Job Description – Data Science
Basic Qualification:
- ME/MS from premier institute with a background in Mechanical/Industrial/Chemical/Materials engineering.
- Strong Analytical skills and application of Statistical techniques to problem solving
- Expertise in algorithms, data structures and performance optimization techniques
- Proven track record of demonstrating end to end ownership involving taking an idea from incubator to market
- Minimum years of experience in data analysis (2+), statistical analysis, data mining, algorithms for optimization.
Responsibilities
The Data Engineer/Analyst will
- Work with stakeholders throughout the organization to identify opportunities for leveraging company data to drive business solutions.
- Clear interaction with Business teams including product planning, sales, marketing, finance for defining the projects, objectives.
- Mine and analyze data from company databases to drive optimization and improvement of product and process development, marketing techniques and business strategies
- Coordinate with different R&D and Business teams to implement models and monitor outcomes.
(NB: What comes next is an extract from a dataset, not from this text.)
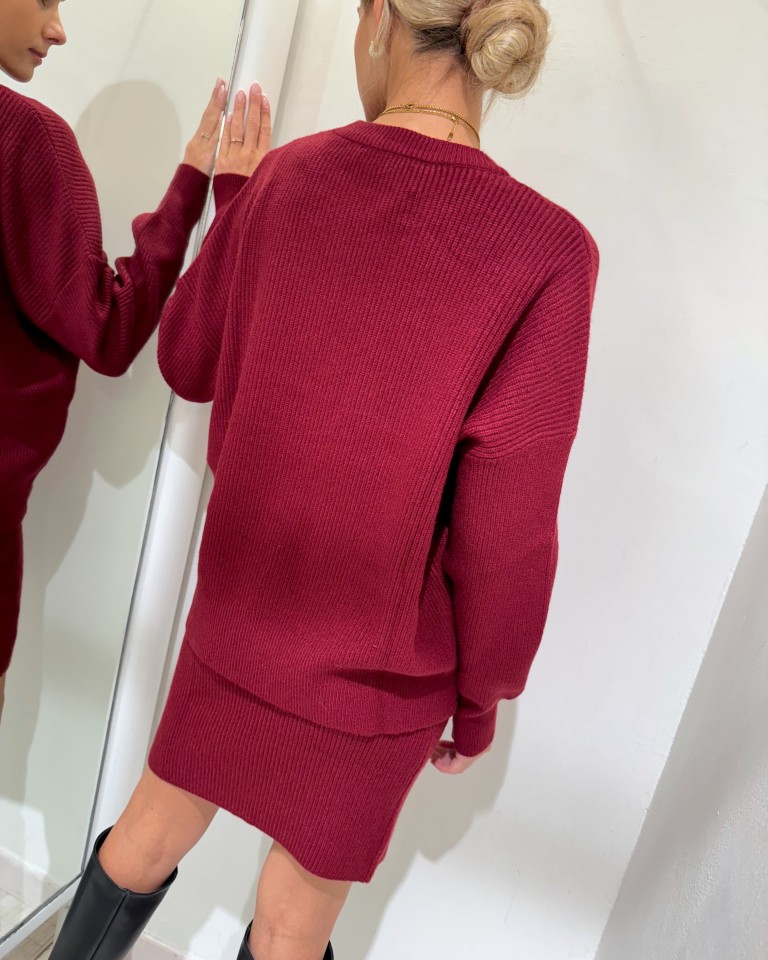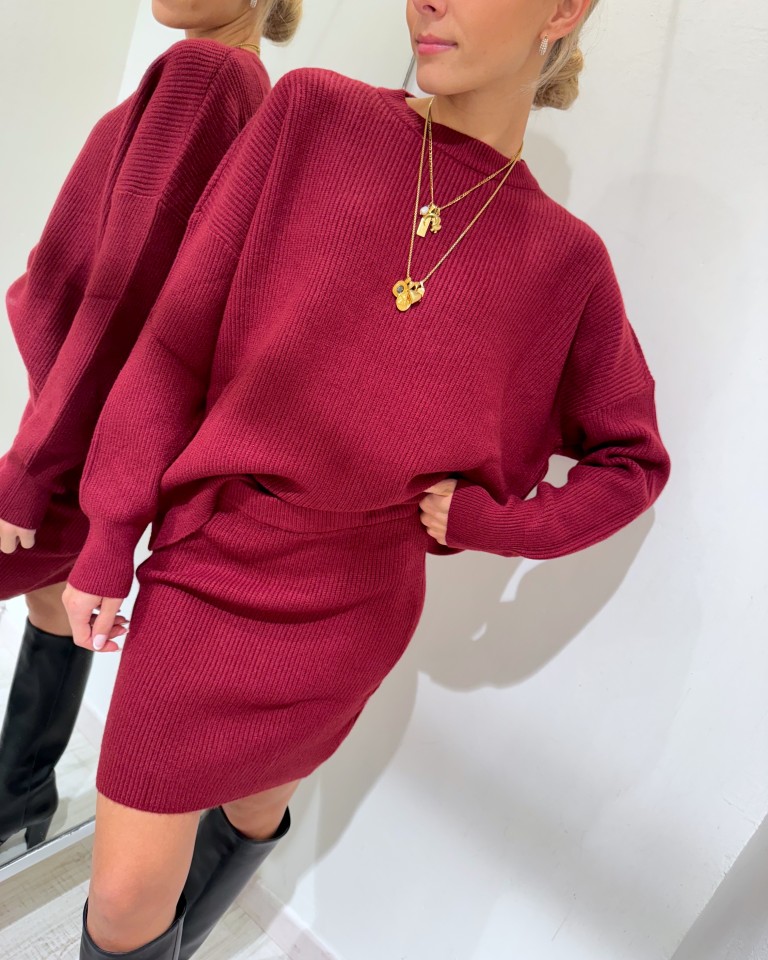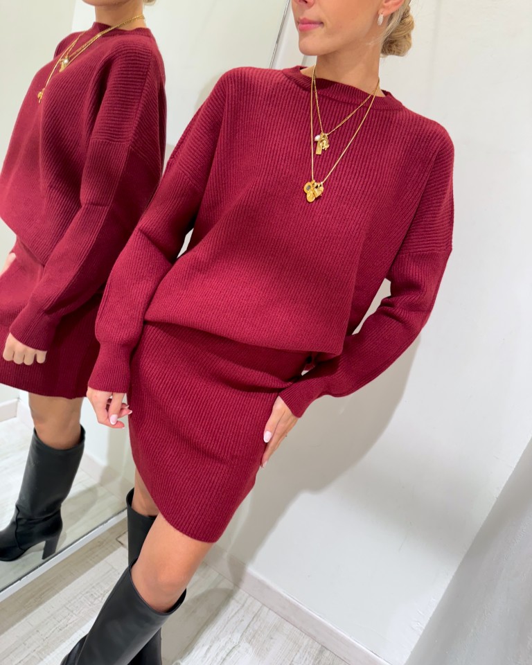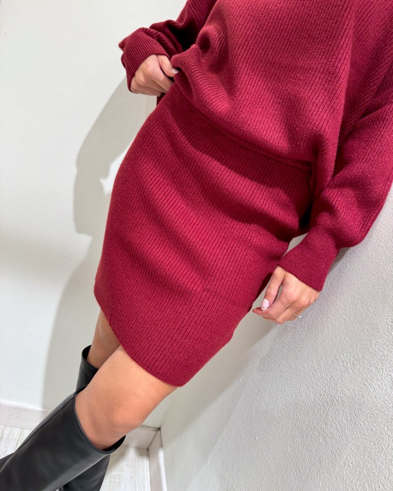 Completo in maglia bordeaux minigonna e maglia HaveOne

- Mentor team members towards developing quick solutions for business impact.
- Skilled at all stages of the analysis process including defining key business questions, recommending measures, data sources, methodology and study design, dataset creation, analysis execution, interpretation and presentation and publication of results.
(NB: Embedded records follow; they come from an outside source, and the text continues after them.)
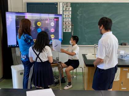 今日もteams集会です!今朝はうまくつながったようで、各教室からクイズの答えを発表している声が聞こえてきました。
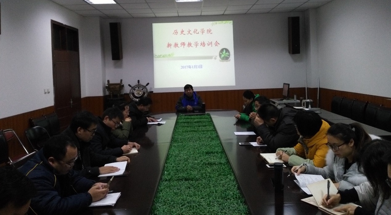 2017年1月3日上午,新年伊始,历史文化学院新教师教学培训会在学院二楼小会议室召开,学院领导、教法专家、督导专家、各系主任及近两年入职的新教师等参加会议。会议由副院长鞠明库教授主持。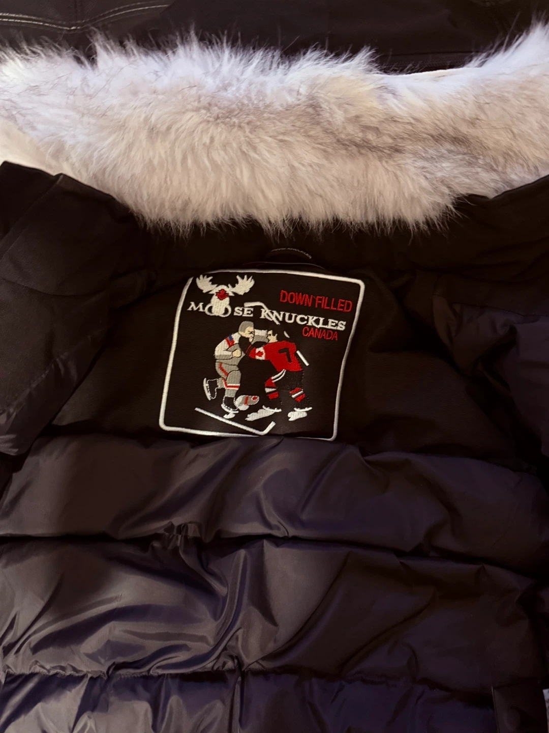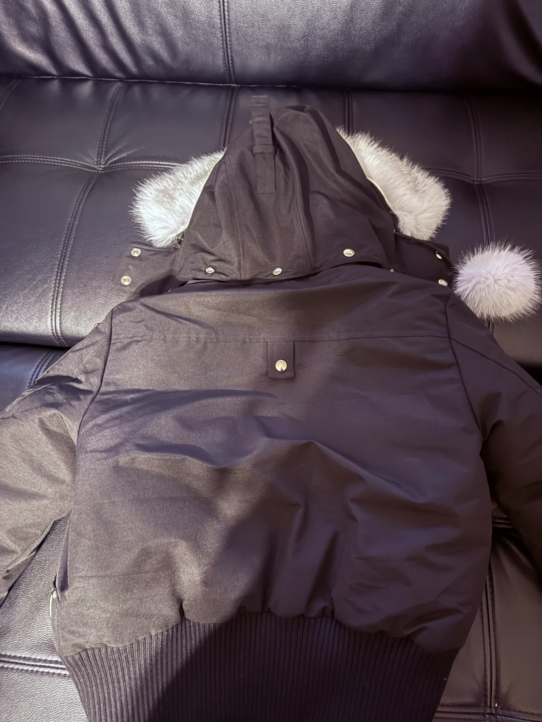 Selling a Moose Knuckles down filled bomber jacket. It's in great condition and ready to keep you warm this winter! Features include a fur-trimmed hood and the iconic Moose Knuckles logo on the sleeve

- 4+ years’ experience in MNC environment with projects involving ML, DL and/or DS
- Experience in Machine Learning, Data Mining or Machine Intelligence (Artificial Intelligence)
- Knowledge on Microsoft Azure will be desired.
- Expertise in machine learning such as Classification, Data/Text Mining, NLP, Image Processing, Decision Trees, Random Forest, Neural Networks, Deep Learning Algorithms
- Proficient in Python and its various libraries such as Numpy, MatPlotLib, Pandas
- Superior verbal and written communication skills, ability to convey rigorous mathematical concepts and considerations to Business Teams.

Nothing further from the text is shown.